> TASK TO CARRY OUT: Make an exact copy of the records, leaving out the images.

Saved data entries
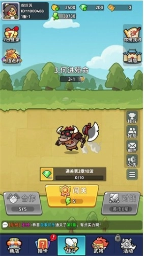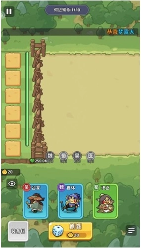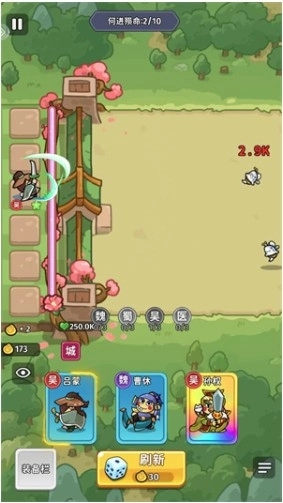 进入游戏主界面后,点击【闯关】按钮就能进入战斗地图,挑选关卡开启你的冒险旅程。 2、刷新召唤武将,随机从三个选项中选择一个:
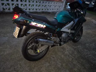 Se trata del restiling de la mítica ZZR 600 de los 90. Esta unidad se matriculó en 1995 y se ha restaurado por completo. Conserva todas las tapas de origen a excepción de la cúpula, instalada en Diciembre del 25 y el escape, de la marca Thunder. Se trata de una unidad con unos colores muy poco vistos, muy pocas en toda España, lo que le da un toque más de exclusividad. Su motor de 4 cilindros de 105 CV es de una nobleza sobresaliente, su sonido gira cabezas, aunque ya lo hace aparcada. Ideal para viajes largos, quedadas y rutas de curvas. El motivo de la venta es la zona de bajas emisiones, que me limita su uso. Valor al alza.
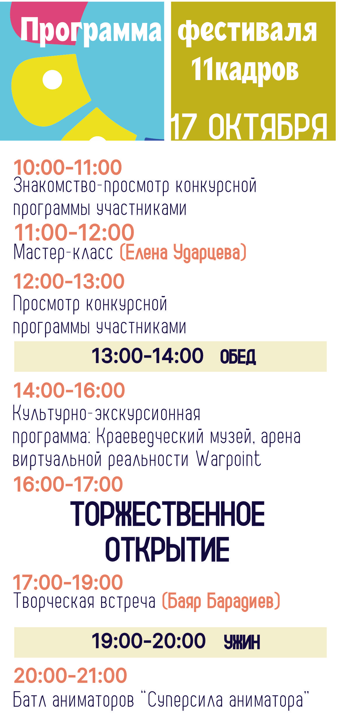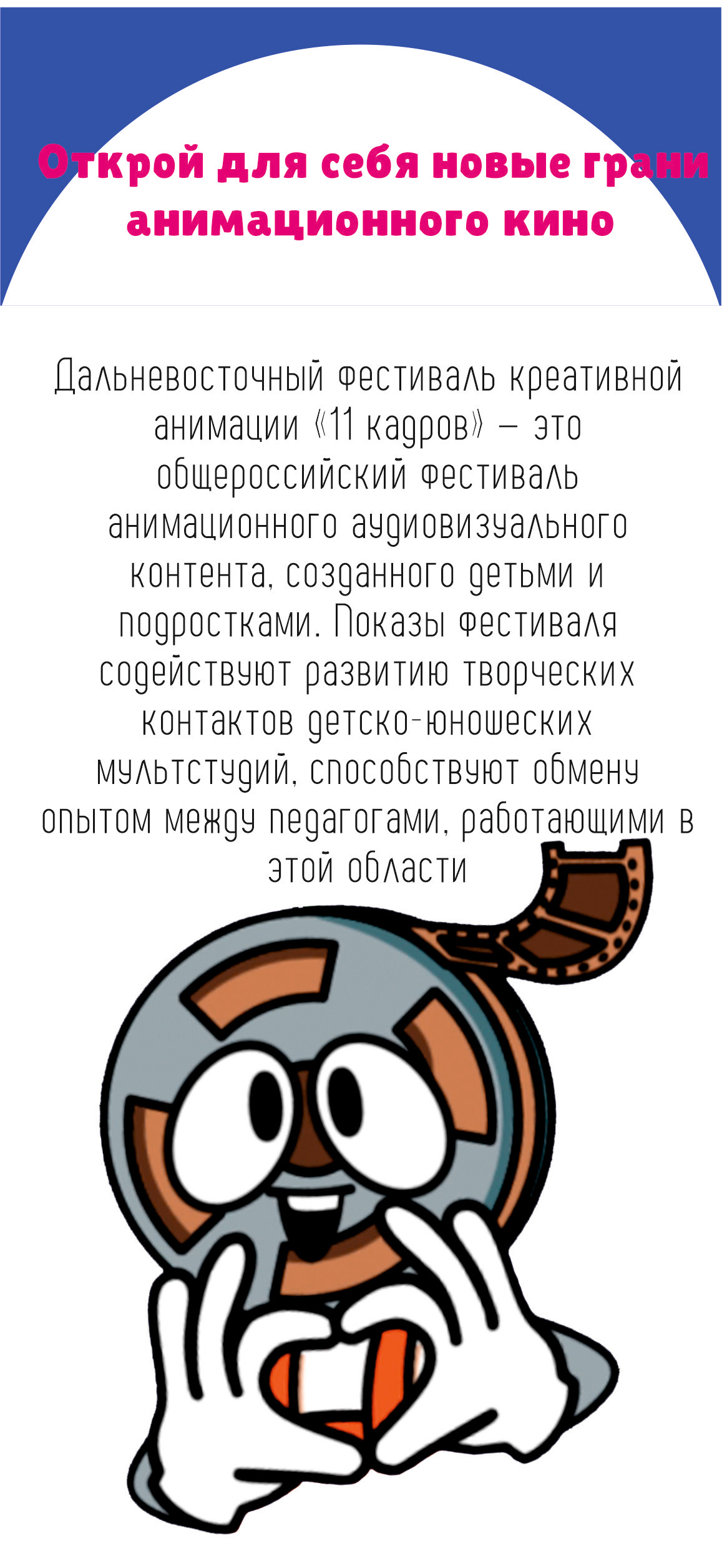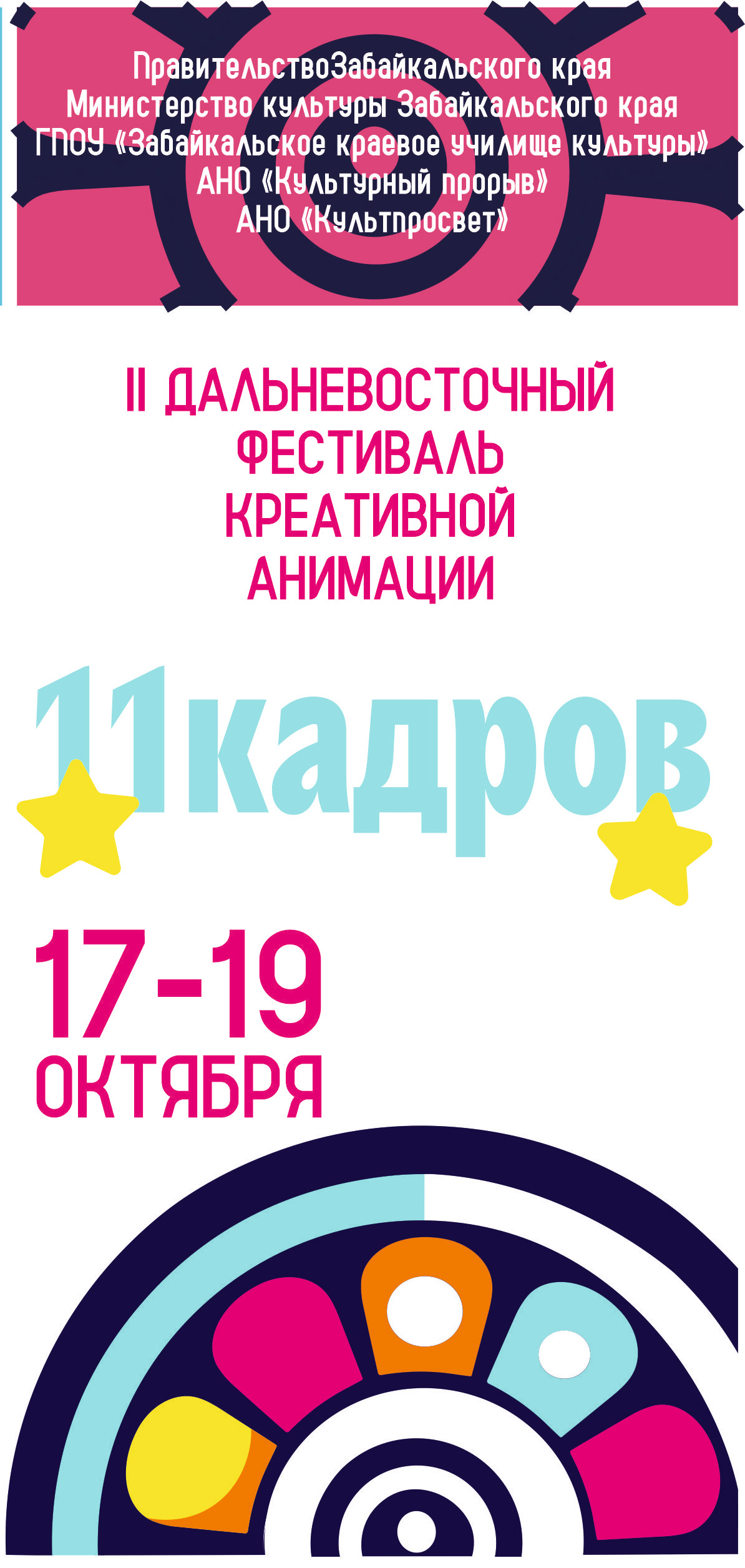 Дальневосточный фестиваль креативной анимации «11 кадров» – это общероссийский фестиваль анимационного аудиовизуального контента, созданного детьми и подростками. Показы фестиваля содействуют развитию творческих контактов детско-юношеских мультстудий, способствуют обмену опытом между педагогами, работающими в этой области
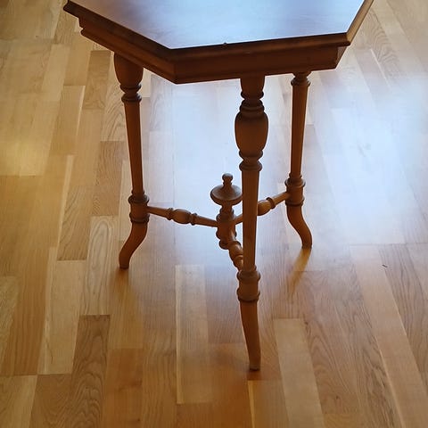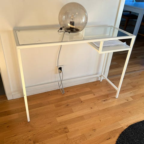 Säljer hallbord, det finns hiss i huset. På slide 3 finns det ett litet märke på bordet.
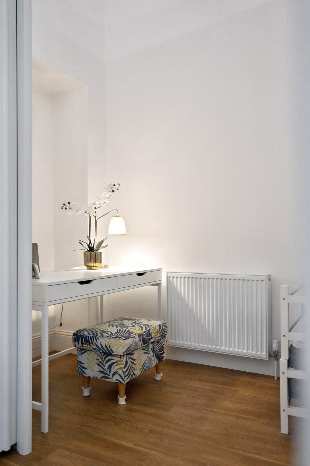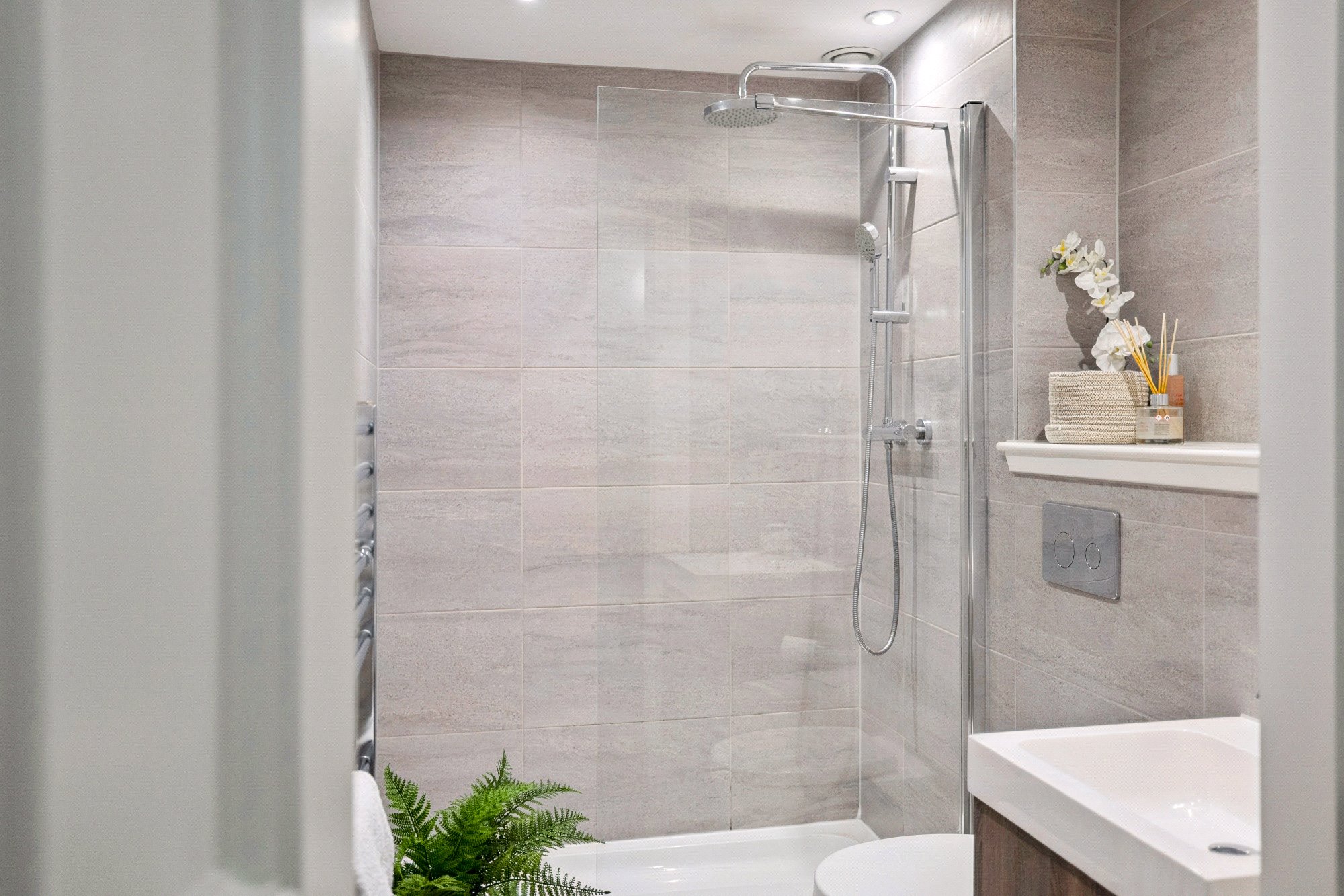 In brief, the accommodation extends to: a long welcoming reception hallway giving access to all principal apartments and featuring both a large storage cupboard and a separate utility cupboard; an elegant bay-windowed drawing room with convector fireplace; a spacious dining kitchen with full complement of fitted appliances; principal bedroom with bay window, dressing area including fitted wardrobes and a well-appointed en-suite shower room with vanity mirror; second double bedroom positioned quietly to the rear elevation with integrated wardrobe; and a highly versatile third room, which has been used as a single bedroom, study and exercise space, and is complemented by a beautifully finished adjacent shower room. Some purchasers may choose to utilise this space as a dressing room and en-suite for bedroom two — a testament to the flexibility of the layout.

> YOUR RESPONSE:
 进入游戏主界面后,点击【闯关】按钮就能进入战斗地图,挑选关卡开启你的冒险旅程。 2、刷新召唤武将,随机从三个选项中选择一个:
 Se trata del restiling de la mítica ZZR 600 de los 90. Esta unidad se matriculó en 1995 y se ha restaurado por completo. Conserva todas las tapas de origen a excepción de la cúpula, instalada en Diciembre del 25 y el escape, de la marca Thunder. Se trata de una unidad con unos colores muy poco vistos, muy pocas en toda España, lo que le da un toque más de exclusividad. Su motor de 4 cilindros de 105 CV es de una nobleza sobresaliente, su sonido gira cabezas, aunque ya lo hace aparcada. Ideal para viajes largos, quedadas y rutas de curvas. El motivo de la venta es la zona de bajas emisiones, que me limita su uso. Valor al alza.
 Дальневосточный фестиваль креативной анимации «11 кадров» – это общероссийский фестиваль анимационного аудиовизуального контента, созданного детьми и подростками. Показы фестиваля содействуют развитию творческих контактов детско-юношеских мультстудий, способствуют обмену опытом между педагогами, работающими в этой области
 Säljer hallbord, det finns hiss i huset. På slide 3 finns det ett litet märke på bordet.
 In brief, the accommodation extends to: a long welcoming reception hallway giving access to all principal apartments and featuring both a large storage cupboard and a separate utility cupboard; an elegant bay-windowed drawing room with convector fireplace; a spacious dining kitchen with full complement of fitted appliances; principal bedroom with bay window, dressing area including fitted wardrobes and a well-appointed en-suite shower room with vanity mirror; second double bedroom positioned quietly to the rear elevation with integrated wardrobe; and a highly versatile third room, which has been used as a single bedroom, study and exercise space, and is complemented by a beautifully finished adjacent shower room. Some purchasers may choose to utilise this space as a dressing room and en-suite for bedroom two — a testament to the flexibility of the layout.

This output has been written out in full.